The results revealed significant differences between preprocessing pipelines. Raw data consistently underperformed, highlighting the importance of preprocessing. Surprisingly, minimal preprocessing involving only filtering often surpassed more complex pipelines, suggesting that EEG artifacts might contain valuable information leveraged by deep learning models. This challenges the conventional "more is better" assumption in preprocessing.
This newsletter highlights significant advancements in applying machine learning and signal processing to diverse fields. The development of foundational models like AnyECG demonstrates the potential of self-supervised learning for extracting robust representations from complex biomedical signals like ECGs. This approach promises to revolutionize automated cardiac diagnostics by overcoming challenges posed by data heterogeneity and noise. Simultaneously, the exploration of data quantity versus diversity in EEG pathology detection reveals a crucial scaling law: while data diversity poses challenges, increasing data quantity, particularly with advanced models like the meta-model, can significantly improve performance.

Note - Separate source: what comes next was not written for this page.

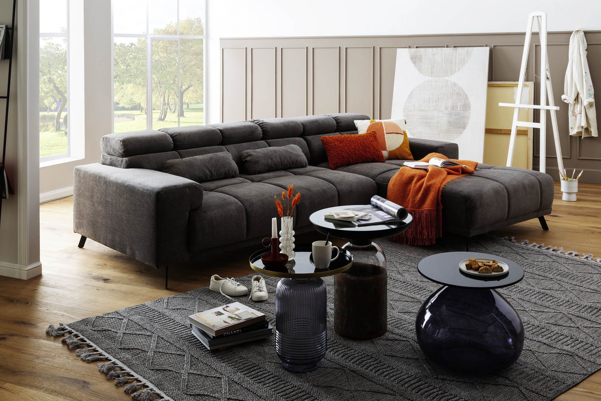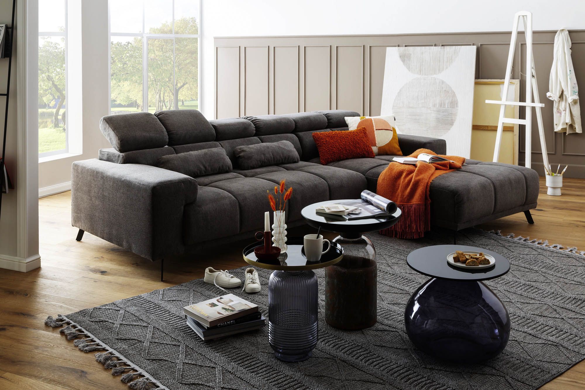 | Equipement canapés: | Appuie-tête(s), Méridienne à droite, incl. coussins | ||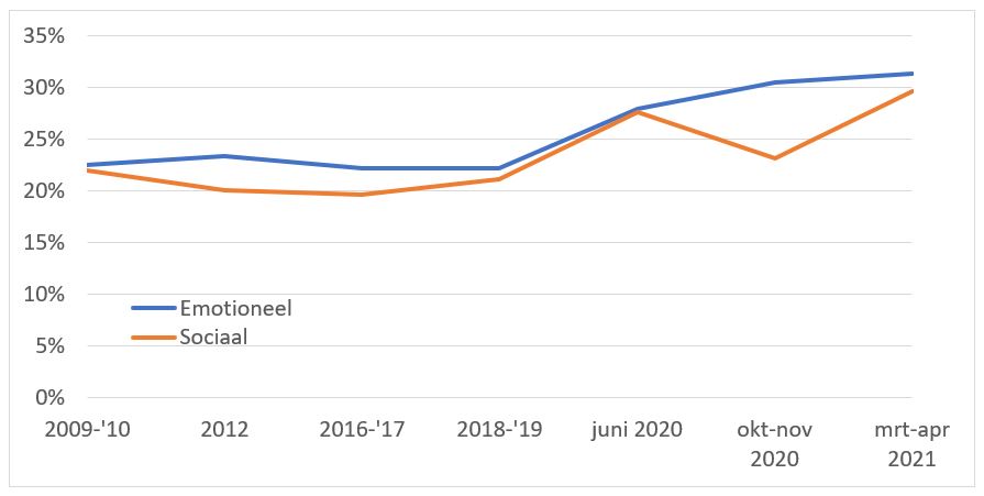 Figuur 1. Ontwikkeling van de prevalentie van emotionele en sociale eenzaamheid

This underscores the value of large, diverse datasets in training robust and generalizable EEG classifiers. Finally, the systematic evaluation of EEG preprocessing pipelines challenges conventional wisdom, suggesting that minimal preprocessing might be superior to complex artifact removal techniques for deep learning applications. This emphasizes the need for careful consideration of the trade-off between artifact removal and preservation of potentially informative signal components. Overall, these studies reveal exciting progress in leveraging data-driven approaches for enhanced signal analysis and interpretation across various domains.